Para começar, um registo de interesses: votei em quem votei (CDS) depois de engolir quarenta sapos, só para afastar a possibilidade (meio entre o risível e o dantesco) de o anterior primeiro-ministro continuar a sê-lo. Aquele partido está longe, muito longe, de ser a direita em que habito. Foi um voto por aproximação. Um voto – como me custa dizê-lo – útil. Mas quem não muda de hábitos? Até nos hábitos eleitorais, quem não afivela mudanças de comportamentos (tirando da interrogação os comunistas, que são de uma fidelidade canina ao partido)? Uma resposta que se ensaia: há momentos críticos que convocam uma escolha, por mais que não seja uma escolha de óptimos. Era o mal menor.
Continuando o registo de interesses: foi um voto de risco, ou não pusessem as sondagens (que entravam pelos neurónios com uma insistência cansativa) a hipótese de os socialistas recolherem mais votos. Havia a possibilidade de os socialistas se coligarem com o CDS. Foi com o credo na boca que depositei a cruz à frente do símbolo do CDS. Durante o dia, quis-me convencer que todas aquelas sondagens eram um embuste montado para favorecer o axioma do voto útil, a maximização do princípio que resume a utilidade do voto aos dois maiores partidos.

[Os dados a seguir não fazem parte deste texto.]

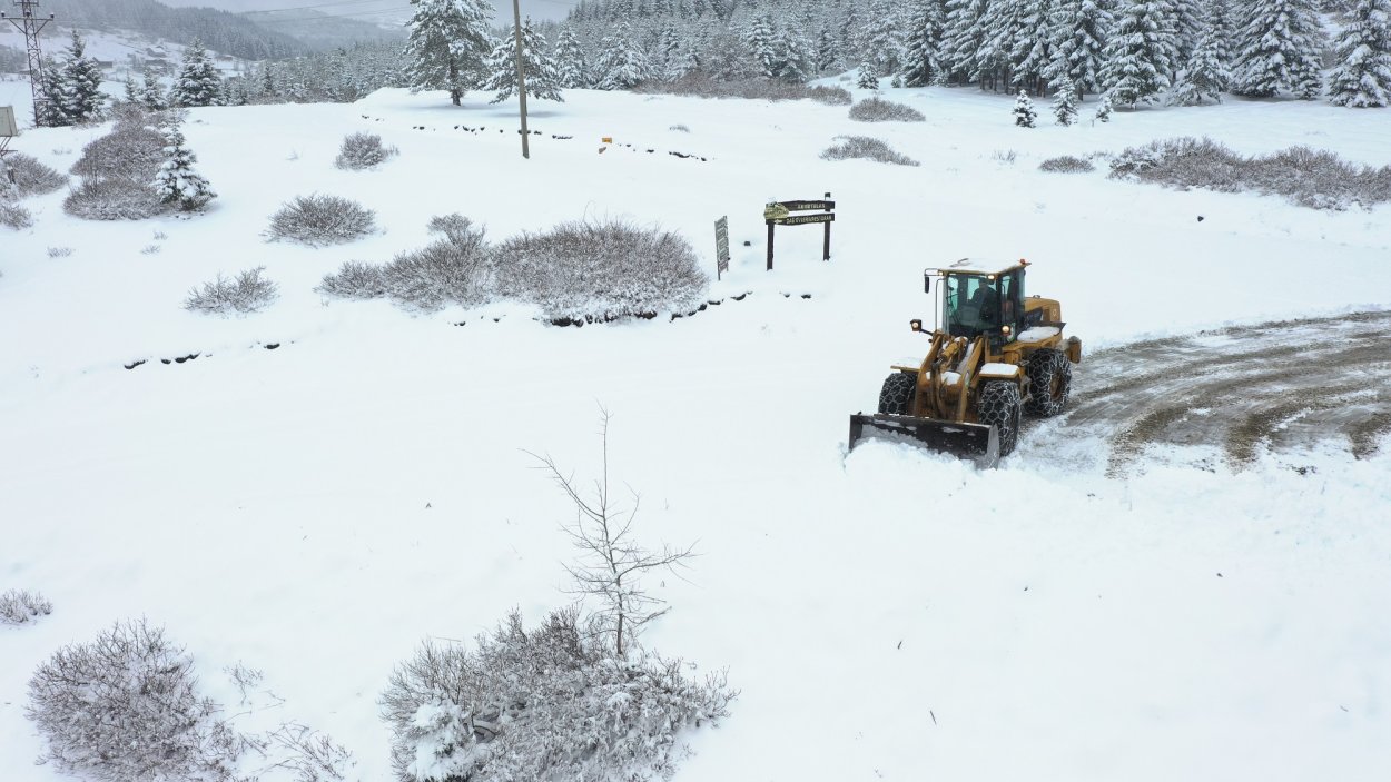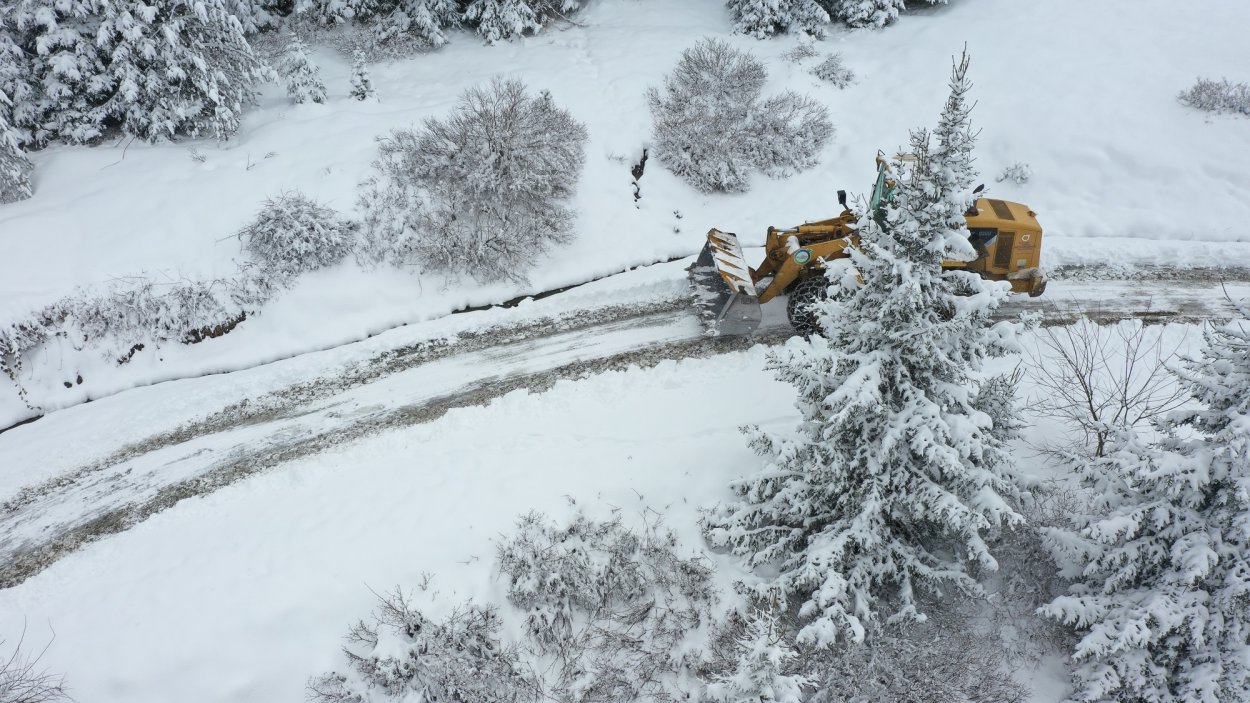 Nisan ayında yağan kar yağışıyla vatandaşların ulaşımda aksaklık yaşaması için sıkı bir çalışma sergileyen ekipler yolların kapanmasının önüne geçmek amacıyla kar küreme, buzlanmaya karşı da tuzlama işlemi yürütüyor.
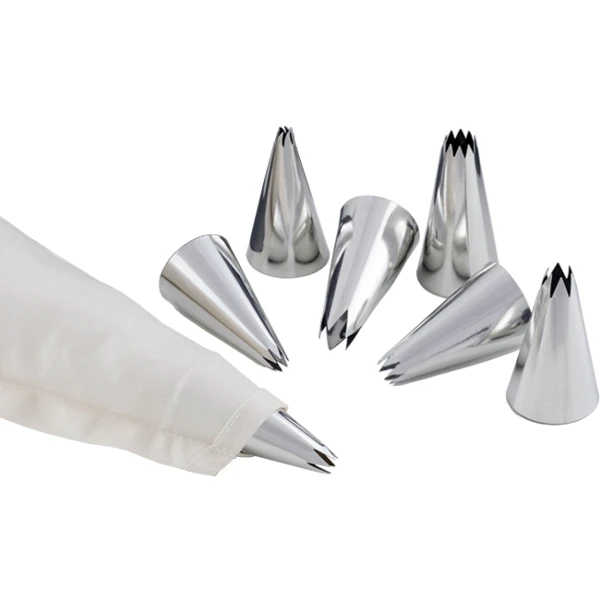 Táto sada obsahuje pogumované cukrárske vrecko (35 cm) a 7

Finalizo o registo de interesses: nestas eleições fiquei moderadamente satisfeito. Não exultei com os vencedores, os que vão ter a responsabilidade de executar o programa da troika. Enchi-me de contentamento por causa dos que perderam. A começar pelos socialistas, que somaram votos correspondentes a uma percentagem (28%) que não foi pressagiada por sondagem nenhuma. O resultado é mais ajustado ao que aconteceria caso este fosse um país normal (por assim dizer). Tanta inabilidade junta, somando-se o elogio da patranha como cometimento maior do primeiro-ministro e da trupe adjacente, teriam, num país normal com gente a preceito, 20% (se tanto). Os socialistas ficaram mais perto da derrota humilhante que mereciam (oito pontos de diferença para os 20%) que dos vencedores (a dez pontos percentuais de diferença). Do mal o menos.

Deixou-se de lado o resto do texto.